We already worked out above that we have as many speeds as we have things to measure again, and there is no fundamental speed for us to have. We simply do not have a fixed "speed." It all depends upon being relative to other things.

In exactly the same way we have as many selves as we have situations and people to be relative against. But none of them is a fixed true self, somehow hidden away like a pebble that has a fixed location and fixed identity.

This sense of there being nothing fixed in there, of it being free to become whatever it becomes in relation to something else, they call that Sunyata.

This may seem like nihilism and throwing everything away. But just because we have no pure fixed stationary speed, when did that ever stop us from moving? Sitting at this chair stationary regarding the computer, does not stop the Sun moving across the sky as we also move around the Earth. Both at the same time. So which speed are we 0mph relative to the computer or 1000mpg relative to the Earth axis? They are both real. In the same way the many selves we have are all real to. Perhaps sitting at the computer is the speed we want to focus on, but note the sun still moves even while we ignore that speed. Likewise there are selves we like and want to hold on to. But this does not make them fixed, we are just holding them for a bit like a pebble.

Having no actual speed and having no actual self are actually profoundly relaxing in fact. Both these things are not really me.

So where does D-Day come into this. Well certain people (not quite sure who) are very keen that we hold onto a particular self or version of D-Day. We are told again and again about what D-Day was and how we are to think about it. Those people want it fixed.

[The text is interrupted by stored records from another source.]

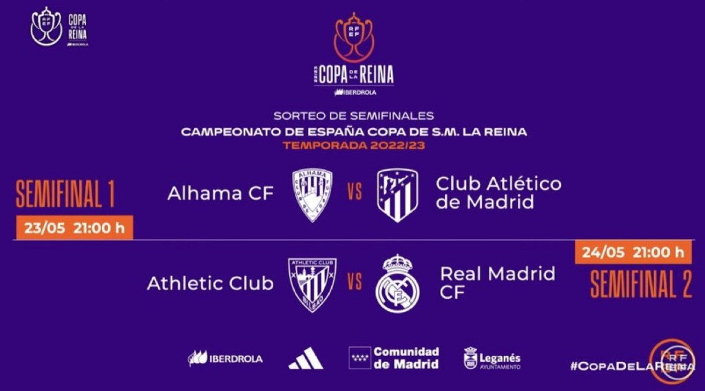 La primera semifinal enfrentará al Alhama ElPozo con el Atlético de Madrid Femenino el martes 23 de mayo a las 21:00 horario peninsular, que a priori, se podrá ver en Teledeporte. La segunda semifinal entre Real Madrid y Athletic de Bilbao se jugará un día más tarde, el miércoles 24, también a las 21:00 horario peninsular y también será producido sobre el papel por el canal temático de RTVE.
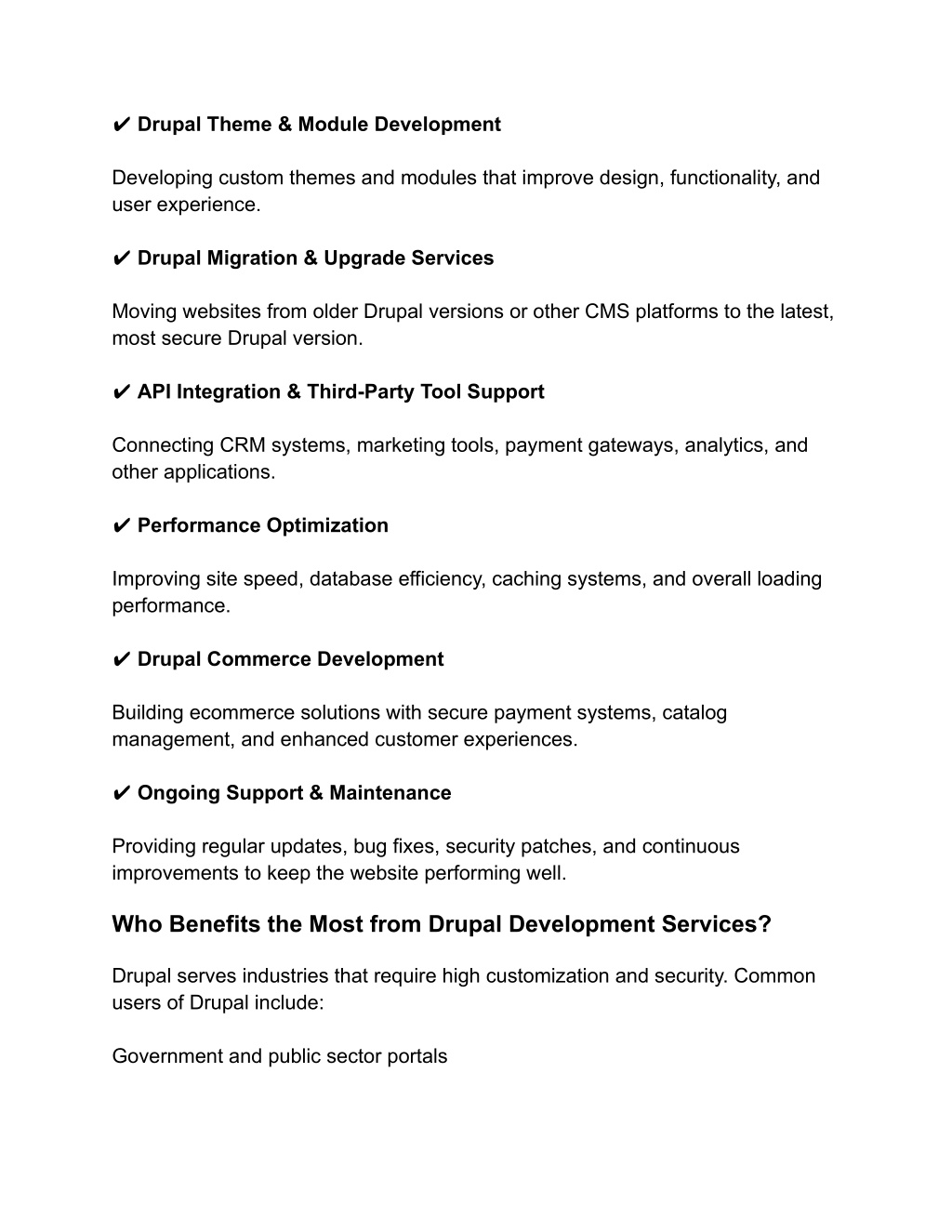 3. ✔ Drupal Theme & Module Development Developing custom themes and modules that improve design, functionality, and user experience. ✔ Drupal Migration & Upgrade Services Moving websites from older Drupal versions or other CMS platforms to the latest, most secure Drupal version. ✔ API Integration & Third-Party Tool Support Connecting CRM systems, marketing tools, payment gateways, analytics, and other applications. ✔ Performance Optimization Improving site speed, database efficiency, caching systems, and overall loading performance. ✔ Drupal Commerce Development Building ecommerce solutions with secure payment systems, catalog management, and enhanced customer experiences. ✔ Ongoing Support & Maintenance Providing regular updates, bug fixes, security patches, and continuous improvements to keep the website performing well. Who Benefits the Most from Drupal Development Services? Drupal serves industries that require high customization and security. Common users of Drupal include: Government and public sector portals
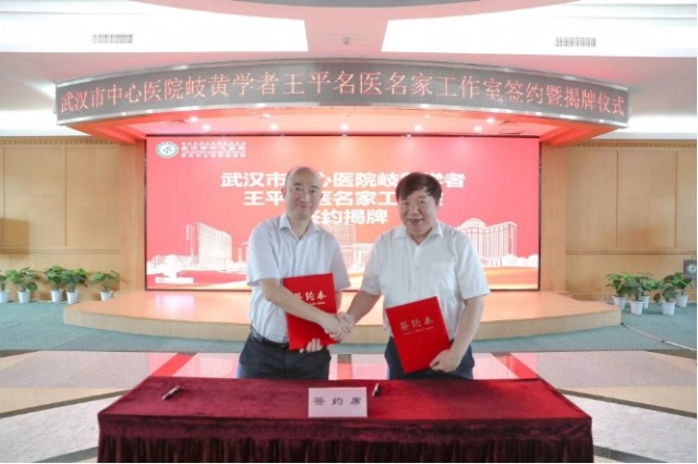 在当天上午举行的岐黄学者王平名医名家工作室揭牌仪式上,岐黄学者王平教授、武汉市中心医院院长蔡威共同签约协议书,并共同为“岐黄学者王平名医名家工作室”揭牌。
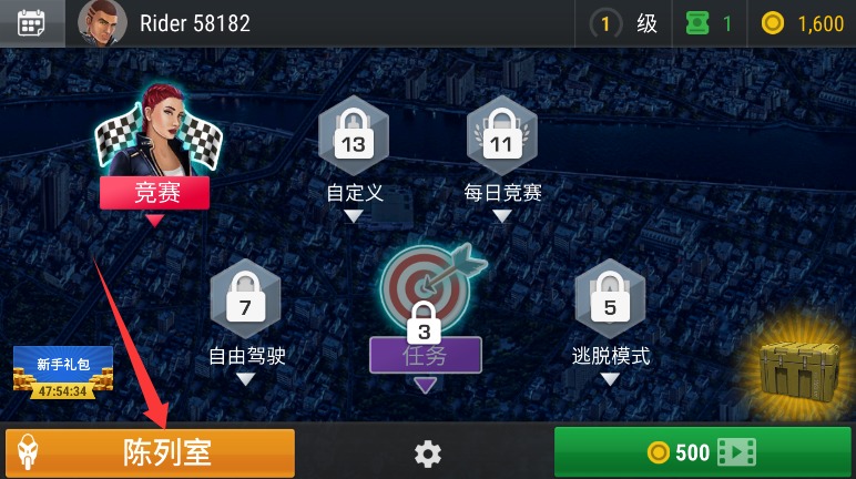 1、进入游戏后点击陈列室功能浏览车辆库,选择心仪摩托车或进行改装升级。
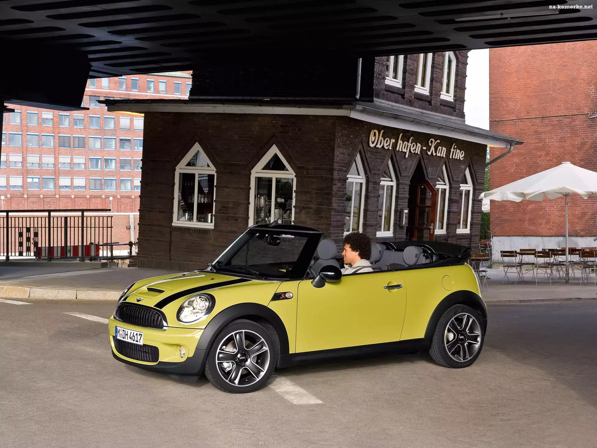 Mini Cabrio, Prędkościomierz Mini Cabrio, Fotele, Składane, Tylne Mini Cabrio, Kamienica, Stara Mini Cabrio, Alufelgi, Błotnik Białe, Mini One Cabrio Mini Cabrio, Unikalne, Malowanie Mini Cabrio, Nadwozia, Linia BMW Mini One Cabrio Mini Cooper Cabrio, Reflektory Mini Cooper Cabrio, John Works Grafitowy, Mini Cooper S Cabrio Mini Cabrio, Kierownica Żółte, Mini Cabrio Mini Cooper Cabrio, Czarne, Pasy
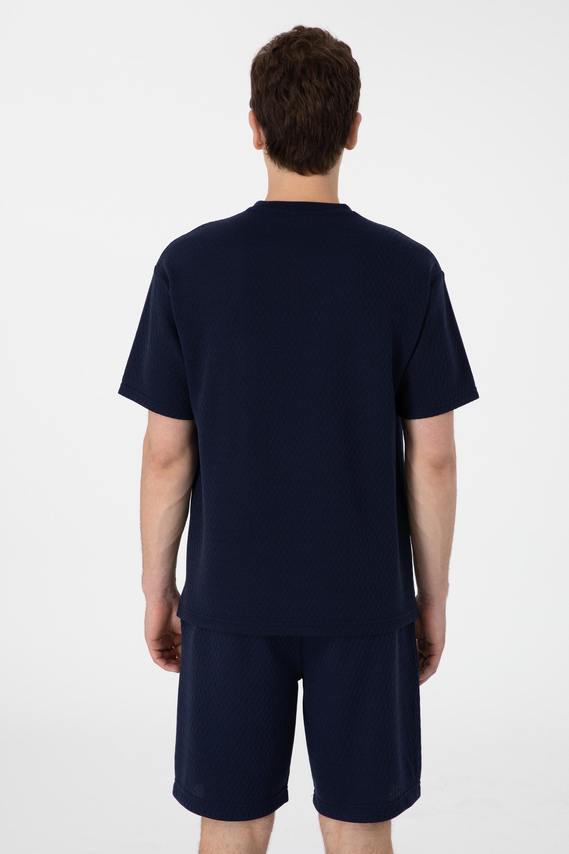 Erkek Comfort Fit Bisiklet Yaka Lacivert Tişört
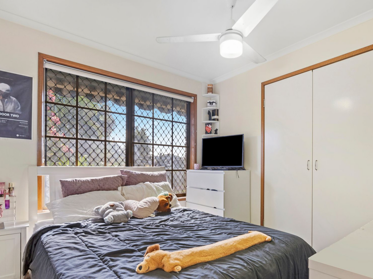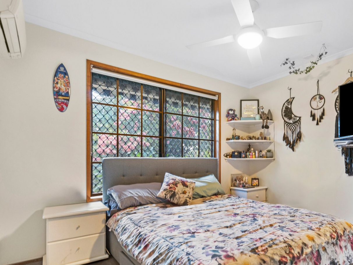 The home features 3 spacious bedrooms, all with built-in robes to all and ceiling fans to 2. The main bedroom also includes air conditioning and 2 wardrobes and security screens.
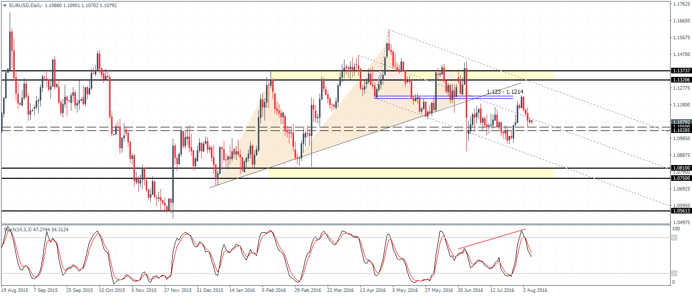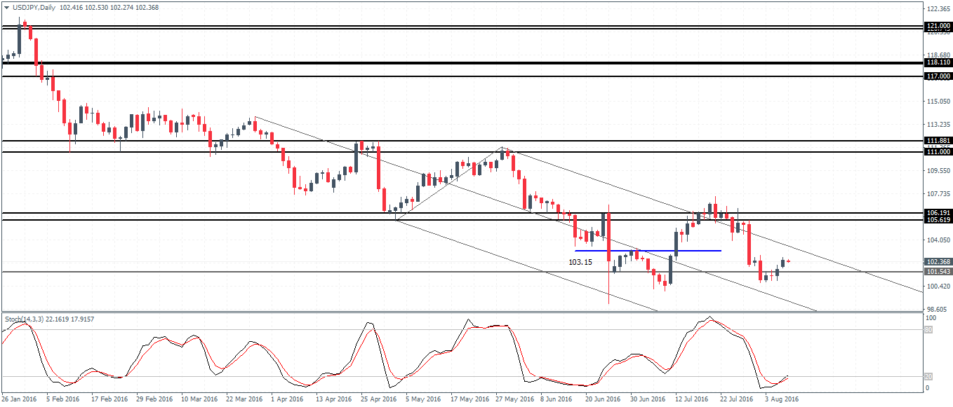EURUSD (1.1079) has been trading flat since mid-June with price seen bouncing off the 1.10 support and 1.120 resistance. Last week’s retest to 1.123 – 1.1214 marks a correction to the declines with prices re-establishing resistance near 1.123 – 1.1214 which previously served as support. A breakdown below 1.105 – 1.10285 is required for EURUSD to continue its declines to the downside. Support near 1.0810 – 1.075 remains the next likely target on a confirmed breakout.
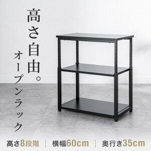 高さ8段階で調整して使うことができるオープンラック。シンプルで使いやすい設計で、単体使いもデスクと組み合わせて使えるシェルフラック。幅60cm、奥行35cm。ブラック。<特長>●高さ8段階で調整することができるオープンラックです...
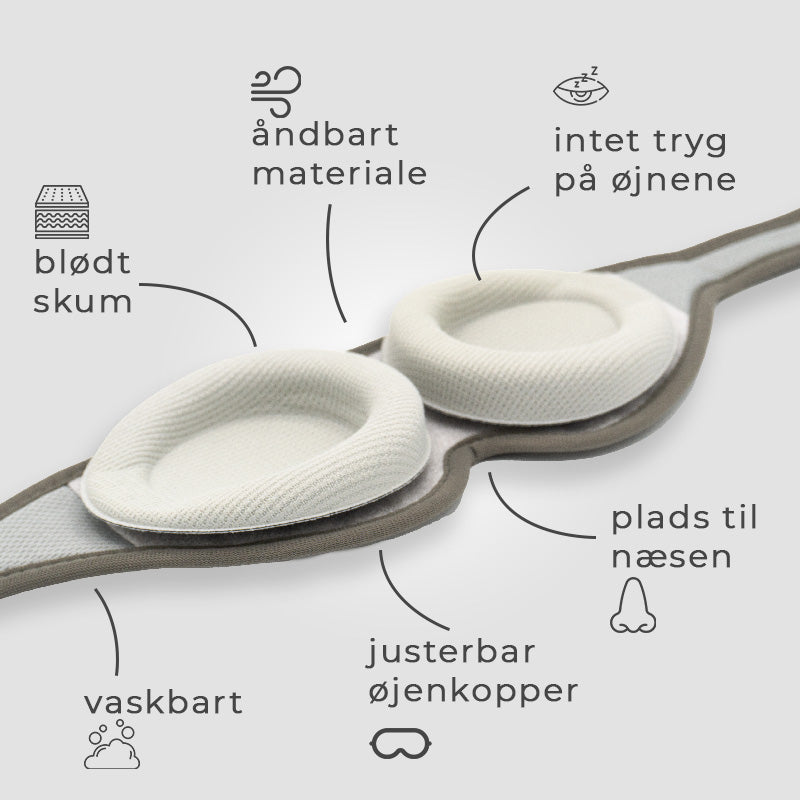 Verdens mest komfortable natbrille, med 100% mørklægning og tilpasning så den passer lige til dig. Hjælper dig med at få en dybere og bedre søvn.

Well no question it is all these things. But like speed, it only looks like this relative to something else. Change that something else and it all looks different.

I have always like to look at war from the perspective of another species or perhaps an alien. They look upon Humans and see them beating each other up and they must think how odd. Why did those humans killing 80 million of those humans? And WW2 was by far the greatest avoidable loss of life in human history. Plagues and natural disasters we still struggle to stop, but war is decided by nothing but humans and carried out by nothing but humans so is completely avoidable.

Obviously the other perspective in any war is the "enemy." The Allies who remember D-Day today were the amalgamation of the British and American Empires looking to defeat the German and Italian Empires. They also wanted the Russian Empire but decided to take a break. From the perspective of  people outside the Allies it was just the same old Imperial warfare of the last 400 years. Just like Allied Soldiers Axis soldiers fought for their countries and in the case of Axis a chance to define themselves free rom the British and American Empire. What I find unusual today is that the Axis offer a very attractive option, the idea of countries being free to share international power and collaborate on multiple axes seems a very advanced modern idea. But the US have decided that they do not want Axis and we must all march to the beat of a single drum in Washington. Given this I don't understand the desire if countries to join NATO or any Washington led organisation and lose their own freedom. Russia for example is only fighting for its own freedom after all and does it really represent a lesser freedom than Washington?

Anyway that paragraph expresses the "speed" and "direction" of the whole situation relative to a different train going at a different speed and direction. Miraculously D-Day looks different.

So we discover that in fact all things are relative. This does not make them less real, but it reminds us that that reality only last as long as we are in relation to some other thing. Change that thing and the reality changes. And this teaches us the fundamental truth that there is no fixed reality.

Woah wait "fixed truth that there is no fixed truth" kind of. "there is no fixed truth" is not necessarily a fixed truth, it's a remark that when you start with the idea that reality is fixed, you discover that really its relative. Once you have let go of the original idea of fixed then none of this is relevant anymore.